Перед самым докладом Лазик вдруг загрустил. С трудом вскарабкался он на высокую кровать плохонького номера, где поселил его Василий Андреевич и предался горестным размышлениям:

— Я же был честным кустарем-одиночкой. В могучий праздник первого мая, я шел со всеми портными, и над нами реял еще не оскорбленный флаг с серебряным наперстком. И вот я дошел до этих бешеных килек. Ахъ, мадам Пуке, — вы видите, я зову вас по-парижски, не как-нибудь, а мадам, — ах, мадам Пуке, что вы сделали с Ройтшванецом? Сейчас мне нужно итти своими ногами, на этот стопроцентный погром, как будто я не знаю их шведскую гимнастику.

Меланхолично Лазик расстегнул ворот рубашки и, прищурив один глаз, стал разглядывать свое тело, сплошь покрытое синяками.
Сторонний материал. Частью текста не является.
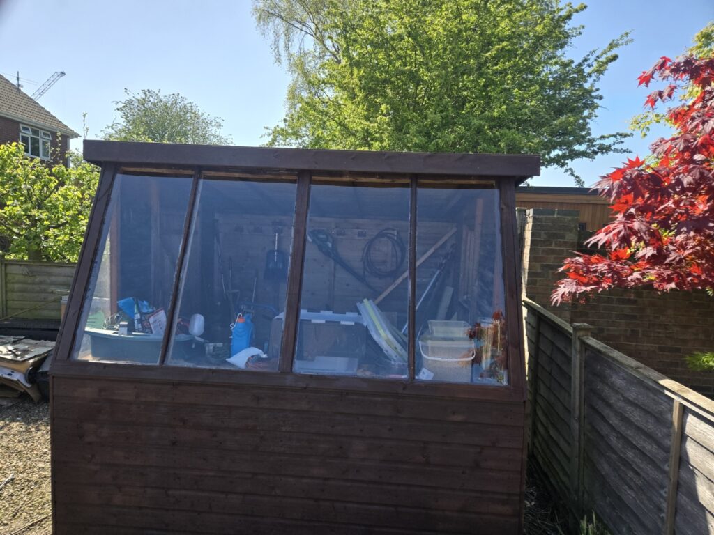 Upgraded existing potting shed. Re-roofed, some timbers replaced, new acrylic windows & treatment.

— Вот этот еще посполитый… А эти два от рыбьего жира… Этот? Не помню… Может быть, после разговора об окороке, а, может быть, из-за обезьяньего хвоста… Ну, а это — парижские… Интересно бы спросить какого-нибудь философского доктора, сколько может вынести обыкновенная еврейская жилплощадь? Мне, например, кажется, что я уже уплотнен. Но вся беда в том, что синяк ложится на синяк, и это вечное землевращение. Пора итти! В животе уже журчат мелодии, и Карл Маркс не даром зарос бородой, он кое-что понял до самой точки. Вместо всех ученых слов можно сказать одно: «аппетит передвигает обширное человечество».

Дойдя до этого, Лазик зажмурил глаза: он увидел перед собой рубленые котлеты с картошкой. Он стал вспоминать — а как они пахнут?.. Долго он лежал так, переживая клецки госпожи Дрекенкопф, шкварки на свадьбе Дравкина и даже охотничью колбасу. Его привел в себя раздраженный голос Василия Андреевича:

— Вы с ума сошли?.. Там все собрались, а вы здесь дрыхнете!…

Действительно, в зале было человек тридцать слушателей. В первом ряду сидели глубокие старики, с виду похожие на камердинеров. Они жевали лакричные лепешки и порой подхрапывали. Сзади бодро гудели молодые люди, щеголяя модными пиджаками в талью. На эстраду взошел Игнат Александрович. Он был постоянным председателем кружка «Крест и Скипетр».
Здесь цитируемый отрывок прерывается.